Pebalap asal Surakarta jawa tengah tersebut baru saja memulai debut menawannya saat mengaspal di Bahrain, dirinya sukses menyelesaikan balapan meskipun harus finish di posisi buncit yaitu 17. tapi menyelesaikan balapan di F1 bukanlah hal muda bagi seorang pebalap muda seperti Rio

“Sangat senang bisa melihat bendera finis berkibar.
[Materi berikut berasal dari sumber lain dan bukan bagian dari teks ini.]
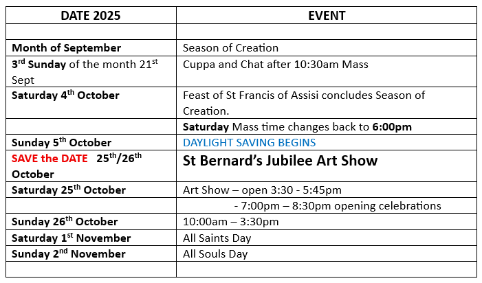 Just click on the title ‘St Bernard Parish Belmont’, at the top of the page to take you there.

Sangat baik bisa memiliki balapan ini di bawah kemudi saya yang mana akan jadi pengalaman berharga untuk saya dan juga tim”.
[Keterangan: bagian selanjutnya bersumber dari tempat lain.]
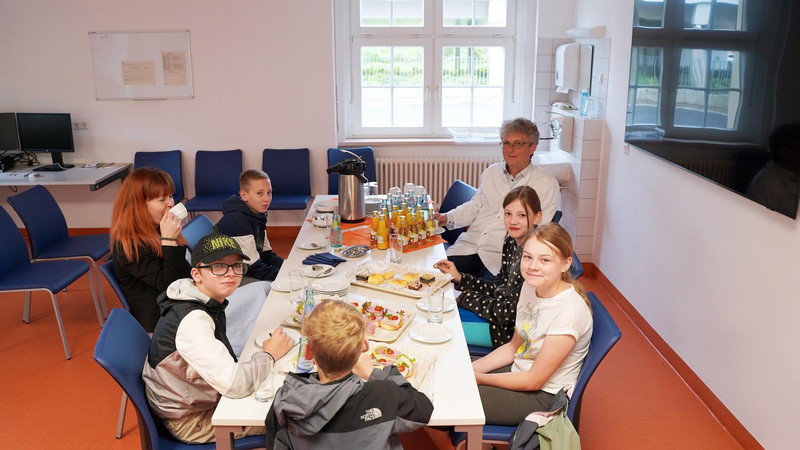 „Großartig!“ Viel mehr konnte Dr. Axel Hübler, Chefarzt der Klinik für Kinder- und Jugendmedizin heute nicht sagen, als Schülerinnen und Schüler der Chemnitzer Friedrich-Adolf-Wilhelm-Diesterweg-Oberschule einen symbolischen Scheck über 5.000 Euro überreichten.

Rio juga menuturkan akan menerapkan strategi baru di Gp china ini dia sangat bersyukur sempat finish karena itu dia bisa melihat bagaimana potensi dirinya dan mobilnya untuk di tingkatkan lagi kmampuannnya dengan finish tim Manor racing berkesempatan untuk mmenjajal ulang strategi yang di terapkan di bahrain dengan polesan polesan baru yang akan membuat Rio semakin berkembang

“Hasil ini akan memberi kami data untuk menganalisanya dan mengembangkan lagi kemampuan mobil di masa depan,” ucap Rio dikutip thecheckeredflag, seusai balapan tersebut.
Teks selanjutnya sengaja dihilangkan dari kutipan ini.